Your momma still loves your #SciFund Project

Your momma still loves your #SciFund Project

Note: You have only a scant few days to sign up for #SciFund Round 2!!! Do it now if you’re interested!

So, something was still bothering me after my epic social network and science crowdfunding analysis. It’s the Facebook like thing. My initial choice of using it seemed to make sense. But the more I thought about it, the more I wondered what Facebook Likes really mean. Are they a reflection of your personal network? Your ability to reach-out? What?

I don’t think it is a clear signal of your personal network. And yet, everyone in #SciFund talked about tapping their own personal network. Family and friends were often great sports, helping out with the early phases of people’s funding.

And yet…there’s this. If you run an analysis looking, at, say, pre-goal pageviews, the signal of number of Facebook friends appears absent.

Analysis of Deviance Table (Type II tests)

Response: preGoalPageviews
                 LR Chisq Df Pr(>Chisq)
TwitterFollowers   13.158  1  0.0002864 ***
FacebookFriends     3.181  1  0.0744827 .
Facebook.likes     74.071  1  < 2.2e-16 ***
Signif. codes:  0 ‘***’ 0.001 ‘**’ 0.01 ‘*’ 0.05 ‘.’ 0.1 ‘ ’ 1

But then it struck my indirect-effect-loving mind, maybe your personal network doesn’t lead to pageviews. It’s smaller. Maybe it just mainlines directly into contributions!

So I did a test to look at how these different measures of social media affect number of contributors. I used the same generalized linear model as before looking at pre- and post- goal pageviews influencing number of contributors. But, this time I added Twitter followers, Facebook likes, and, most importantly, Facebook Friends. And, *boom*. There’s the signal from yo momma’.

Analysis of Deviance Table (Type II tests)

Response: Contributors
                  LR Chisq Df Pr(>Chisq)
TwitterFollowers     0.062  1   0.804128
FacebookFriends      8.752  1   0.003092 **
Facebook.likes       0.058  1   0.808924
preGoalPageviews     7.189  1   0.007334 **
postGoalPageviews  112.753  1  < 2.2e-16 ***
Signif. codes:  0 ‘***’ 0.001 ‘**’ 0.01 ‘*’ 0.05 ‘.’ 0.1 ‘ ’ 1

Note that these other measures of ‘fanbase’ don’t affect contributors directly. It’s all indirect via pageviews. The relationship that I pulled from the coefficients is that 50 Facebook Friends = 1 Contributor. Pre-Goal pageviews stayed about the same at 0.078 contributors per view while Post-Goal views were still at 0.051 contributors per view.

So what it looks like is that my previous story – that a fanbase built by a blog leading to more Twitter followers and Likes leads to more pageviews, hence more contributors, and finally money for research is only PART right.

Friends & Family matter. They have a direct connection to contributions, bypassing the whole social-networky-fanbasey stuff. We can see that here:

Note that to have a high number of contributors a project needed to have either a) a lot of pre-goal views, b) a high number of post-goal views (more red), c) a large number of friends (larger point size), or some combination of all three. Note that I’ve split things into projects that have and havenot achieved their goal for ease of visualization.

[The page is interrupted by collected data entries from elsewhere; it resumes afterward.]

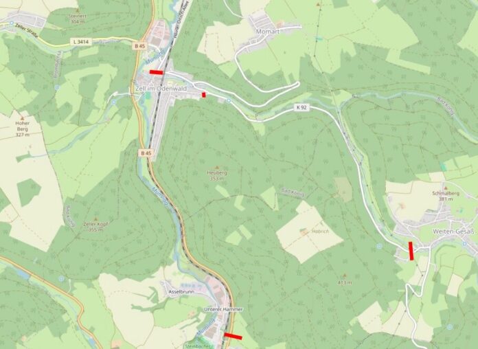 • Auf der B45 aus Richtung Michelstadt hinter dem Gewerbegebiet Asselbrunn. Die Zufahrt zur „Walther-Rathenau-Alle“ ist jederzeit möglich.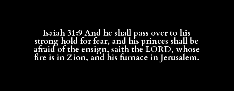 Isaiah 31:9 And he shall pass over to his strong hold for fear, and his princes shall be afraid of the ensign, saith the LORD, whose fire is in Zion, and his furnace in Jerusalem.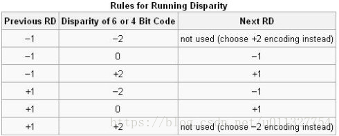 你们也许注意到了表中有个RD标志,它是Running Disparity的缩写,它的目的就是保持8B/10B编码中的直流平衡。它跟上面提到的Disparity其实是一样的意思,+1用来表示1比0多,-1用来表示0比1多,-1是它的初始化状态。下面我们来看一张表来加深理解:
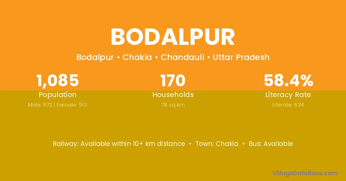 Chakia is the nearest town to Bodalpur village for major economic activities
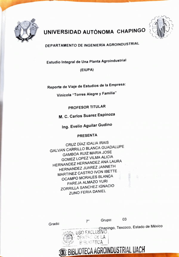 Reporte de viaje de estudios de la empresa Vinícola Torres Alegre y Familia / coordinadores Carlos Suárez Espinosa y Evelio Aguilar Gudino ; colaboradores Idalia Irais Cruz Díaz...[y otros]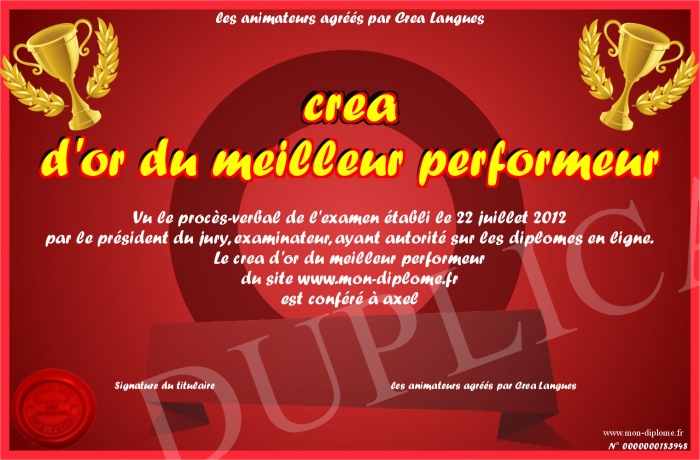 Envoyez par email votre crea d'or du meilleur performeur personalisé
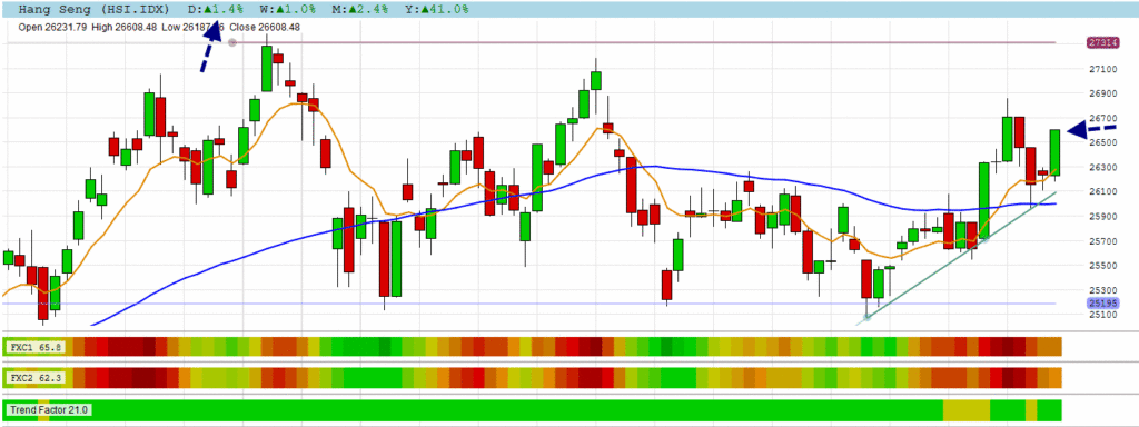 The HANG SENG made a large engulfing bull candle after the turninh hammer candle.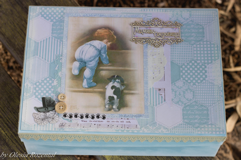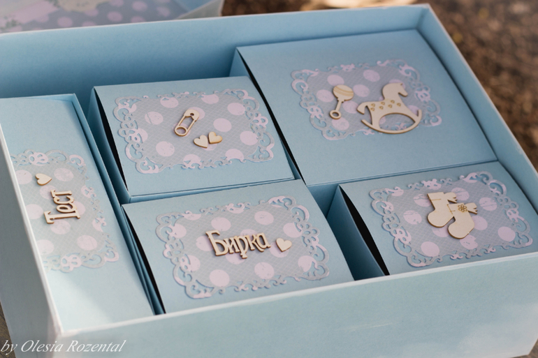 мамочка активно участвовала в выборе материалов для создания работ,так что у нас был творческий тандем =) Коробочки были не стандартных размеров,каждую измеряли индивидуально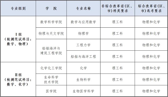 所有按要求完成報(bào)名的考生可參加我校組織的筆試(高考后一周內(nèi)),具體時(shí)間安排詳見準(zhǔn)考證。報(bào)考Ⅰ組的測(cè)試科目為“數(shù)學(xué)、物理”,報(bào)考Ⅱ組的測(cè)試科目為“數(shù)學(xué)、化學(xué)”。我校將根據(jù)筆試成績(jī),按照不超過各。▍^(qū)、市)各專業(yè)組別招生計(jì)劃4倍的比例,分別確定各。▍^(qū)、市)各專業(yè)組別筆試通過考生名單,末位同分考生均予以入圍。未通過筆試的考生不參與后續(xù)環(huán)節(jié)及錄取成績(jī)排序。

So I decided to do something unwise to put this all together. I ran an SEM. Granted, for all of these variables (and Age, as I’m still interested in Age!) we want a minimum sample size of ~150. And we only have 49. Or, really, 28 if you scrub out folk that did not answer our Facebook or Twitter questions. I decided since this analysis was going to be seat-of-the-pants and exclude a valuable outlier (the high pageview outlier always causes the SEM likelihood algorithms to bork out on my), I’d assume not answering was the same as an answer of 0. This bumped my sample size up to 43. Um. Sure. Why not. Just for the fun of it.

I ran a model in which all of these fanbase metrics v. the personal metrics have both direct and indirect effects on contributors and a second nested model where personal metrics affect things solely through contributors whereas measures of public engagement affect things solely through pageviews. This second model fit just as well as the more saturated model (Chisq Difference = 12.909, DF=10, p=0.2288). This new model also fits the data adequately in general (Chisq = 23.267, DF=19, p=0.226).

So what’s it look like?

There’s a lot going on. The salient points are

1) Yup, Facebook Friends have a direct effect by upping your total number of contributors.
2) Twitter Followers and Facebook likes both up number of contributors indirectly, via increasing pageviews.
3) Old folk have fewer friends on Facebook.
4) We’re doing a horrible job or predicting Facebook Likes. Clearly, there’s a bigger story here that is important to understand given how much it impacts pageviews.
5) Post-Goal pageviews are still “worth” more. But, again, very few of these are above 0. I need to do some ZINB or ZIQP stuff here.

So there you have it. Both your ‘fanbase’ and friends are important for crowdfunding your hot science.

Do don’t worry, your momma loves you! And your research!